I had that one here for a couple years. I went to 16-track. The 8-track ended abruptly, and I sold everything for a girl. I moved to Seattle in '90 and '91, and particularly two or three albums I had recorded on that 8-track, they were playing the fuck out of them on the radio in Seattle. I'm sitting here working in a kitchen! I was an outsider, so the only job I could get was as a prep cook in a kitchen. I jammed with a couple people, and that was sort of fun, but nothing. So like the Human Head Transplant stuff that I did, the Boyd Rice album that I did, I did Crash Worship here on 8-track...

Was that done here?

Yeah, that was done here on 8-track, and they were playing it there on the radio every time I got into the car. The Boyd Rice album came out while I was living there, and they played it every hour for three months.

Crash Worship was really big for a while. What gear do you have now?

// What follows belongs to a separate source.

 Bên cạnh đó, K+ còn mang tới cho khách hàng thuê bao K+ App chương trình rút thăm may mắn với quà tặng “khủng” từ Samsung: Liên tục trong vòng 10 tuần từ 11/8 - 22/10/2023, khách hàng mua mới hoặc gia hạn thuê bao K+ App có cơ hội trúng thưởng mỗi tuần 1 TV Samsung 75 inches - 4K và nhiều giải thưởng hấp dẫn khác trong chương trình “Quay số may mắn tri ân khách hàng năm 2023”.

That's a further evolution. I have a laptop, and I've been experimenting with that. I got the PreSonus. I tried to find 16-channels of input for the Mac, and I wanted it to be small.

You're using Soundscape [DAW]. That's far more well known in Europe for recording stuff.

Yeah, it's SSL now.

What drew you to that?

I'd moved to Seattle, and then I came back here, and I was just here for a few months, and I moved to Cairo. My friend said, "Nothing costs anything; we can live like kings," so I went there for a year, and yeah, I didn't do anything. When I came back to Denver, that was the beginning of this studio as it is. The day I came back, I went and saw 16 Horsepower play. It was shocking how original and good they were. I actually sort of knew those guys, and I went and said, "Man, this is the best thing I've ever heard." They said, "We need a keyboard player. Do you want to play in the band?" I was going, "Okay, well, I'll play some bits." So I was in 16 Horsepower the day I got back from Cairo. Then we started doing some stuff.

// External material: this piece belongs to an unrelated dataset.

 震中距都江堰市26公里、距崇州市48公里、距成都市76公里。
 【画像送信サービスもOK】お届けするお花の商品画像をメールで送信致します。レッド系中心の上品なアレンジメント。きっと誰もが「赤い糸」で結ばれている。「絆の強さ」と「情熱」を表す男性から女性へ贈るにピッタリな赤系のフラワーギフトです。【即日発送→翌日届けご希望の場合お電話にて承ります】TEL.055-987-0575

Had they recorded at that point?

Yeah, they had a demo. I'll tell you the story. They had an 8 track cassette, and a live cassette, which is fantastic. Later I re- mastered all of that stuff, and it's an album called Olden now. We made a demo tape with the band and me on a 24-track at a big pro studio that just seemed to make demo tapes or something. Mercury Records was jumping on it, and I had done this thing where I had committed to a tour to go to Europe with this band, before I was in 16 Horsepower. I had all these people, Karl Blake, and these brothers who played percussion. It was kind of like a Crash Worship style of band, but we were set up to go on a four-month tour of Europe. I went on that tour, and I kept checking in to see what's going on. "Oh, Mercury's really interested." I came back up and got back in the band again. We hooked up with Morphine. They saw us play. We played our first shows with Morphine.

That makes total sense.

We got really friendly with Morphine. Then the Mercury thing didn't happen, and then this guy I knew who worked at Slash Records came and visited here. He went, "Oh, I'm really interested in your band." I had the demo tape – when I came back they had mixed the new demo tape, and it was awful. I re-EQ'd it and ran it through a BBE and did all sorts of crap to do something to it. Later I found out that they made it sound really bad on purpose, because if the label was interested in them, they'd see through that. The drummer told me that they had this idea that if it were too polished, the label wouldn't be interested.

[laughs] I don't know if that always works!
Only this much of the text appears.